**Exercise requirements**
Reproduction of part of the material below, pictures omitted: copy exactly, and only, the lines starting with the one with "Amazed good-looking lady" and going on through the one with "Livaković - Juranović, Ćaleta-Car, Prpić, Melnjak".

**Input records**

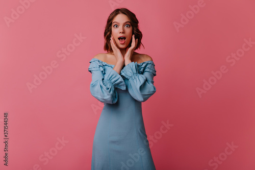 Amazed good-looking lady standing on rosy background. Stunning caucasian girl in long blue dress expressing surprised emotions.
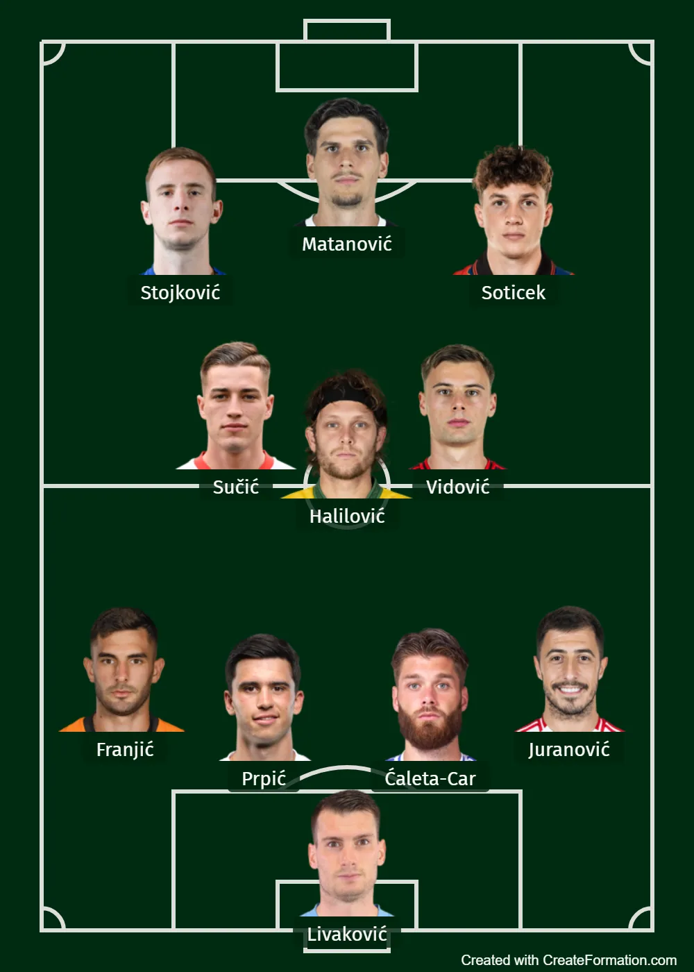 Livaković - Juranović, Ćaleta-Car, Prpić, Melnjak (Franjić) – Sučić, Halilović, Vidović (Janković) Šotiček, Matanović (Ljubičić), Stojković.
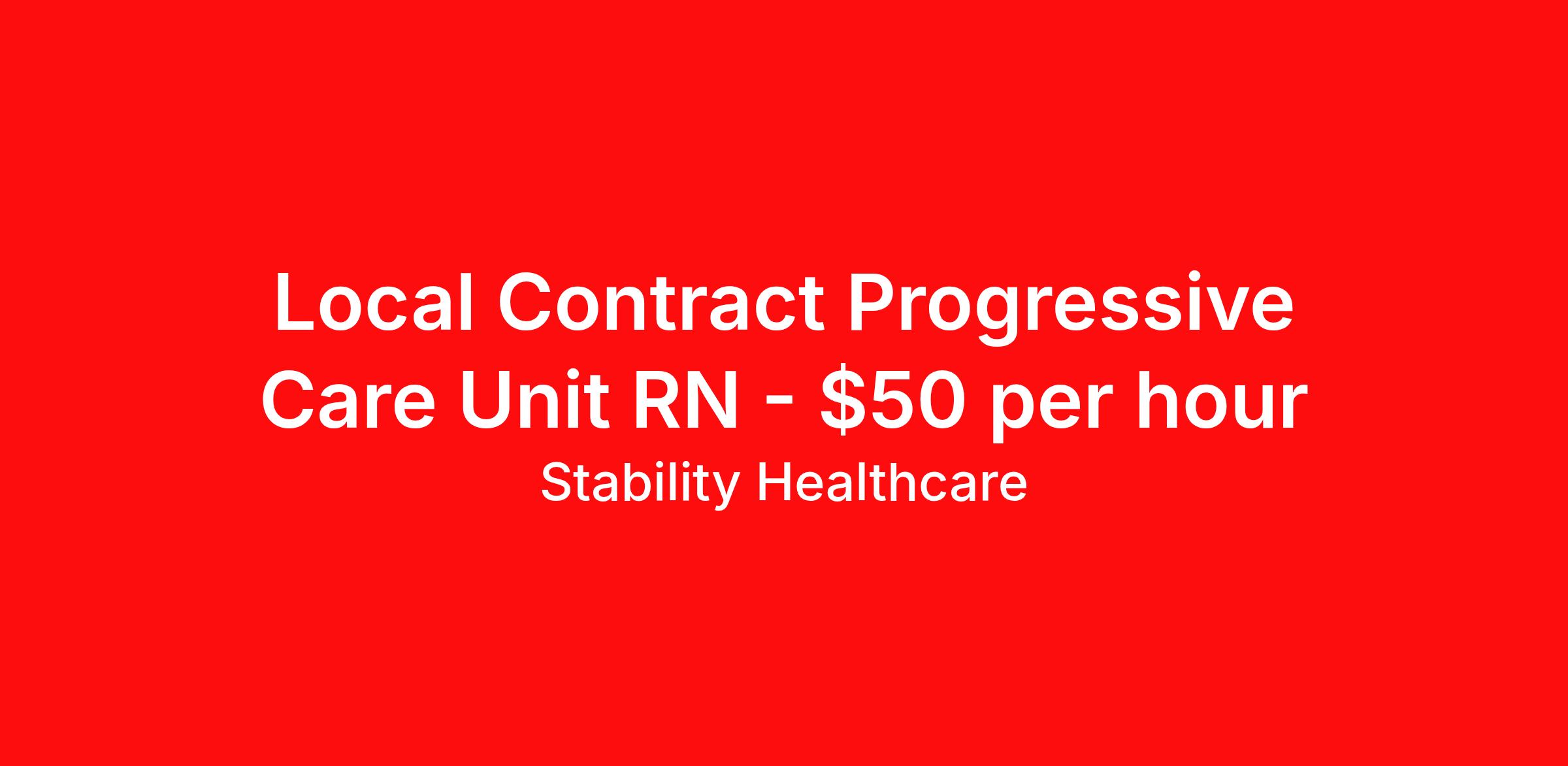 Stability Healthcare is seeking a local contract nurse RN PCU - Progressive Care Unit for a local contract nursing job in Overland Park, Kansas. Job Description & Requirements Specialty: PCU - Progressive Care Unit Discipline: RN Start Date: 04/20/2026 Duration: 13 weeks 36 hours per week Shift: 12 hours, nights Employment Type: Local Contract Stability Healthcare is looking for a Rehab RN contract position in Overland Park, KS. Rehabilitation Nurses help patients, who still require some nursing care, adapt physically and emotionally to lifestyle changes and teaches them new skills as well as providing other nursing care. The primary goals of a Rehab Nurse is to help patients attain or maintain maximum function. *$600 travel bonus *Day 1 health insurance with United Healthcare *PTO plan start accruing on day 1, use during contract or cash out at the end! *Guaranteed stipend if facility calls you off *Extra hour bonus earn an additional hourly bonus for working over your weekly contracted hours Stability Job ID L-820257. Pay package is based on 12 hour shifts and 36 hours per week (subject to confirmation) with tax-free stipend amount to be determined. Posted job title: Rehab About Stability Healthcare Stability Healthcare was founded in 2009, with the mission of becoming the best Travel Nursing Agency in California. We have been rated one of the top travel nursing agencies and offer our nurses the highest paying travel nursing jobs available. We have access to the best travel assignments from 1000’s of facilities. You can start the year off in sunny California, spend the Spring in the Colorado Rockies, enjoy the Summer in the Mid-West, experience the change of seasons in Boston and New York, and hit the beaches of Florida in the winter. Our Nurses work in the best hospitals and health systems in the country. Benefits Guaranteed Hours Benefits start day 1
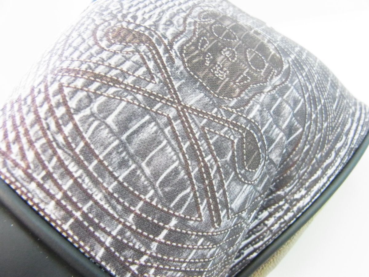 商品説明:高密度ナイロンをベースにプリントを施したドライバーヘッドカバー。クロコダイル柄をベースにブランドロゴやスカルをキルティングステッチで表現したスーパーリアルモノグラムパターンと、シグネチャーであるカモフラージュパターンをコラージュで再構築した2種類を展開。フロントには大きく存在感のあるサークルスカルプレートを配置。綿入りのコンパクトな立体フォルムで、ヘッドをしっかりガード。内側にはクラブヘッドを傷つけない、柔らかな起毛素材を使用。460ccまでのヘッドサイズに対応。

--

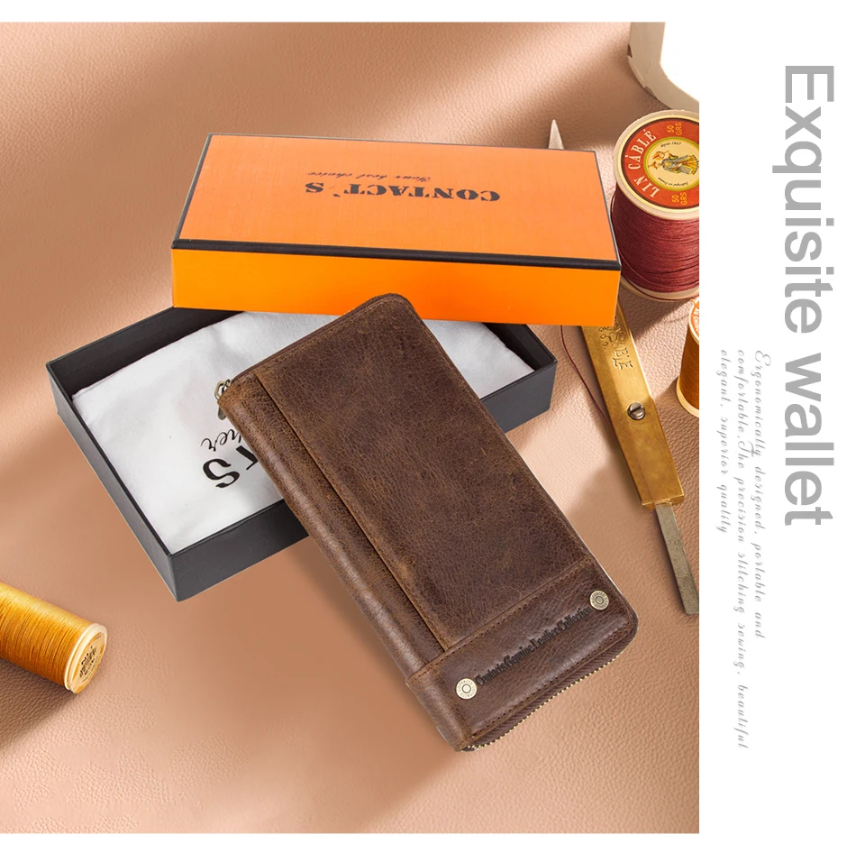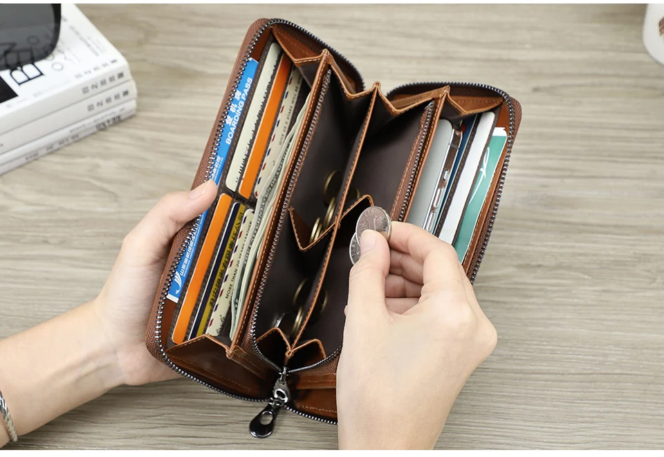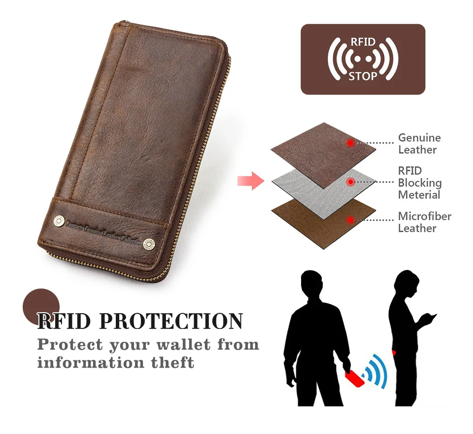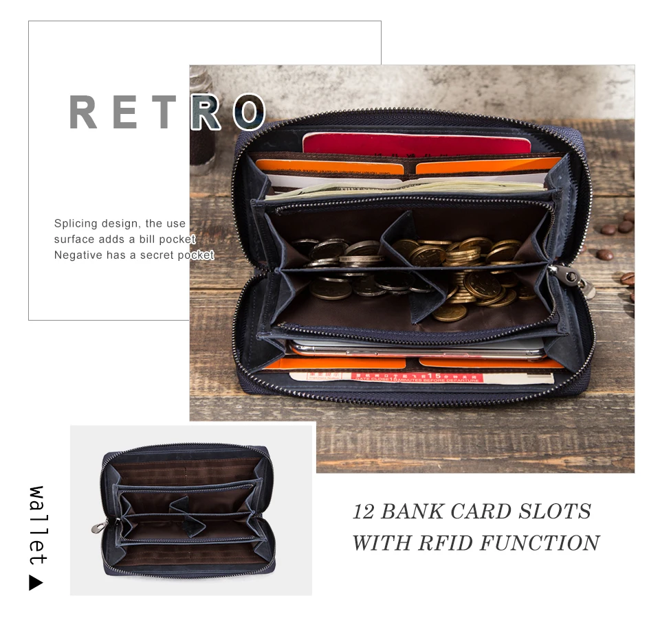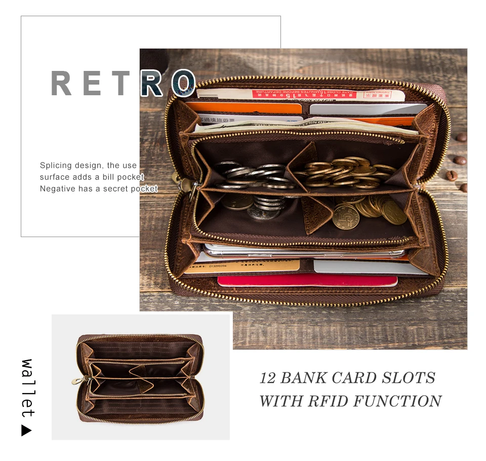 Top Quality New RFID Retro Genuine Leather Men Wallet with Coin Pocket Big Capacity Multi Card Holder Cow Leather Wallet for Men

**Exercise solution**
 Amazed good-looking lady standing on rosy background. Stunning caucasian girl in long blue dress expressing surprised emotions.
 Livaković - Juranović, Ćaleta-Car, Prpić, Melnjak (Franjić) – Sučić, Halilović, Vidović (Janković) Šotiček, Matanović (Ljubičić), Stojković.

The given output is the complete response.